# Taylor polynomial problem

• August 4th 2012, 07:51 AM
leonardthecow
Taylor polynomial problem
Hi -

I'm given a problem where I must find the "minimum order of the Taylor polynomial required to approximate the quantity with an absolute error no greater than 10^-3", where the given quantity is e^-0.5

I've calculated the remainder to be R(-0.5)=[0.5^(n+1)]/(n+1)!, yet I do not know how to solve the inequality 10^-3>[0.5^(n+1)]/(n+1)!

I know the answer is supposed to be n=4, but I have no clue how to solve for n. Any help???

Thanks!!
• August 4th 2012, 09:13 AM
FernandoRevilla
Re: Taylor polynomial problem
Quote:

Originally Posted by leonardthecow
I've calculated the remainder to be R(-0.5)=[0.5^(n+1)]/(n+1)!, yet I do not know how to solve the inequality 10^-3>[0.5^(n+1)]/(n+1)!

We have

$\left |{R_n(x)}\right |=\left |\dfrac{e^{\xi}}{(n+1)!}x^{n+1}\right |\quad (\xi\in (-1/2,0))$

$\left |{R_n(x)}\right |\leq \dfrac{1}{(n+1)!}\;\dfrac{1}{2^{n+1}}$

$\dfrac{1}{(n+1)!\;2^{n+1}}\leq 10^{-3} \Leftrightarrow 1000 \leq (n+1)!\;2^{n+1}$

Now, verify that $n=4$ is the smallest natural number satisfying the last inequality.
• August 4th 2012, 01:49 PM
HallsofIvy
Re: Taylor polynomial problem
Quote:

Originally Posted by leonardthecow
Hi -

I'm given a problem where I must find the "minimum order of the Taylor polynomial required to approximate the quantity with an absolute error no greater than 10^-3", where the given quantity is e^-0.5

I've calculated the remainder to be R(-0.5)=[0.5^(n+1)]/(n+1)!, yet I do not know how to solve the inequality 10^-3>[0.5^(n+1)]/(n+1)!

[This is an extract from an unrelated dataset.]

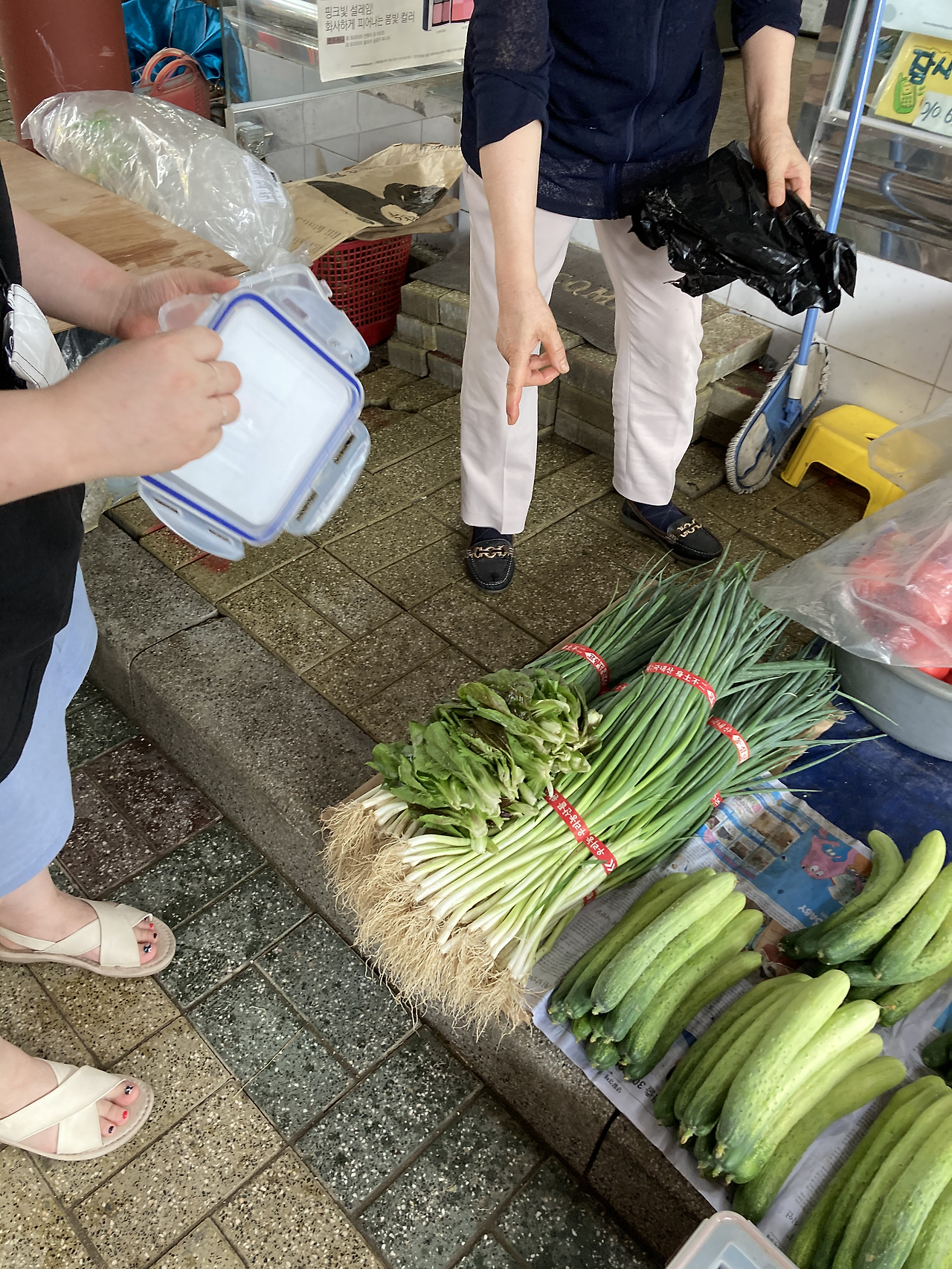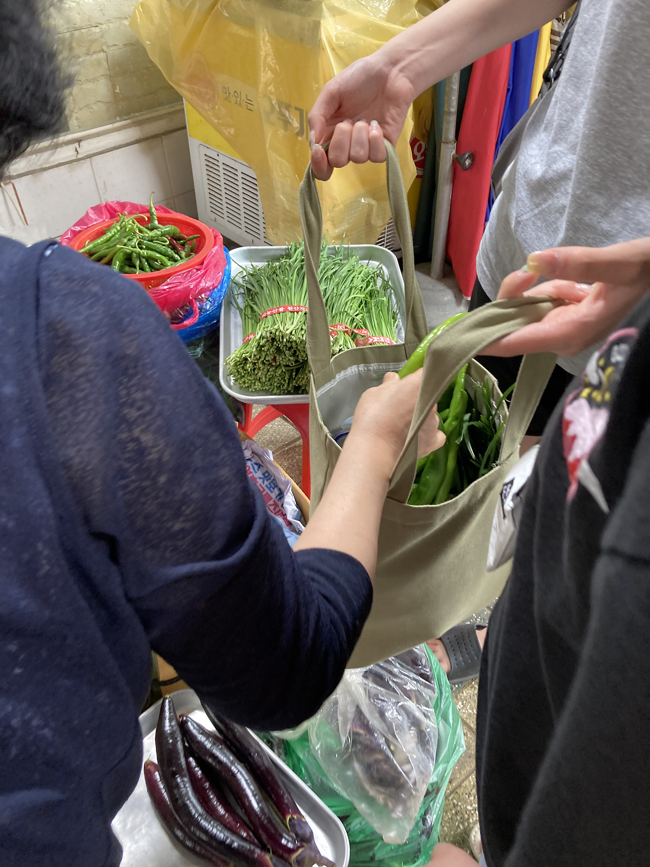 정육점의 승리 덕분에 한결 가벼운 마음으로 다음 관문인 야채가게로 향했다. 그러나 버선발로 나오시며 검은 비닐봉지부터 뜯어오시는 사장님. 우리가 만류하기도 전에 날쌘 손놀림으로 비닐을 열어젖히셔서 죄송한 마음까지 들었지만, 여기 담아 달라고 에코백을 내밀었다.

I know the answer is supposed to be n=4, but I have no clue how to solve for n. Any help???

Thanks!!

Did you try direct computation? If n= 1, $.5^{1+1}/(1+1)!= (1/4)(1/2)= 1/8= 0.125> 0.001$. If n= 2, $.5^{2+1}/(2+1)!= (1/8)(1/6)= 1/48= 0.0208333...> 0.001$. If n= 3, $.5^{3+1}/(3+1)!= (1/16)(1/24)= 1/384= 0.002604...> 0.001$. If n= 4, $.5^(4+1)/(4+1)!= (1/32)(1/120)= 1/3840= 0.000260...< 0.001$.